Alors Yaye Daro se mit à pleurer. Les larmes coulaient, coulaient, silencieusement, lourdes et chaudes. Pour la première fois, depuis la mort de son mari, elle pleurait » (Abdoulaye Sadji, 1968, 49-50).’
Notes
22.

Le tamarinier est un arbre aussi mythique que le baobab.

23.

Le son « kh » de Dakhar (Tamarinier) n’existant pas en français, les colons l’ont remplacé par le son « k » qui est très proche mais très différent aussi. Ainsi, Dakhar devient Dakar.

24.

Les journaliers forment des files d’attente aux portes des usines du matin jusqu’au soir.

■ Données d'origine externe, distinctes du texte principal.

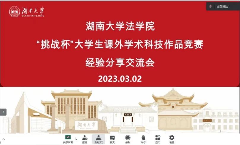 为让同学们深入了解“挑战杯”、搭建好校内外交流平台,2023年3月2日晚,英国365集团公司采用线上腾讯会议的方式邀请了三位曾获挑战杯国奖的优秀学子向同学们分享他们关于挑战杯竞赛的成功经验。英国365集团公司党委副书记罗英老师、本科生22级辅导员曹晓军老师出席本次会议,英国365集团公司本研各年级学生参与本次会议。

Lorsque la porte s’ouvre, la direction vient choisir l’un d’entre eux, en privilégiant ceux qui n’offrent ni résistance, ni revendication.

25.

Les Moodus sont des commerçants sénégalais mourides qui travaillent à l’étranger et investissent leur argent dans l’immobilier, le transport ou d’autres entreprises au Sénégal.

26.

Paul Martino, collaborateur de Henri Collomb et chef de service neuropsychiatrique de l’hôpital de Fann à Dakar, souligne qu’avec la modernité, l’abandon des croyances expose à des risques de maladie, de souffrance et de marginalisation sociale. C’est pourquoi l’école de Fann intègre l’approche ethno psychiatrique en tenant compte des représentations cultuelles ou culturelles dans le traitement des pathologies africaines.

27.

Ces dernières années (2003-2007), les côtes sénégalaises et notamment dakaroises ont été transformées en  base de départ des pirogues artisanales pour l’Europe appelées par les populations et surtout les jeunes candidats au départ : « aéroports pour Barça ou Barsakh », (Barça est le diminutif de Barcelone en Espagne et Barsakh signifie en wolof « l’autre monde c'est-à-dire la mort. Les jeunes en sont là : s’expatrier ou périr en mer, ils prennent le risque devant les fermetures des frontières européennes. Des centaines de jeunes ont ainsi perdu la vie en essayant de traverser l’atlantique pour atteindre les îles espagnoles.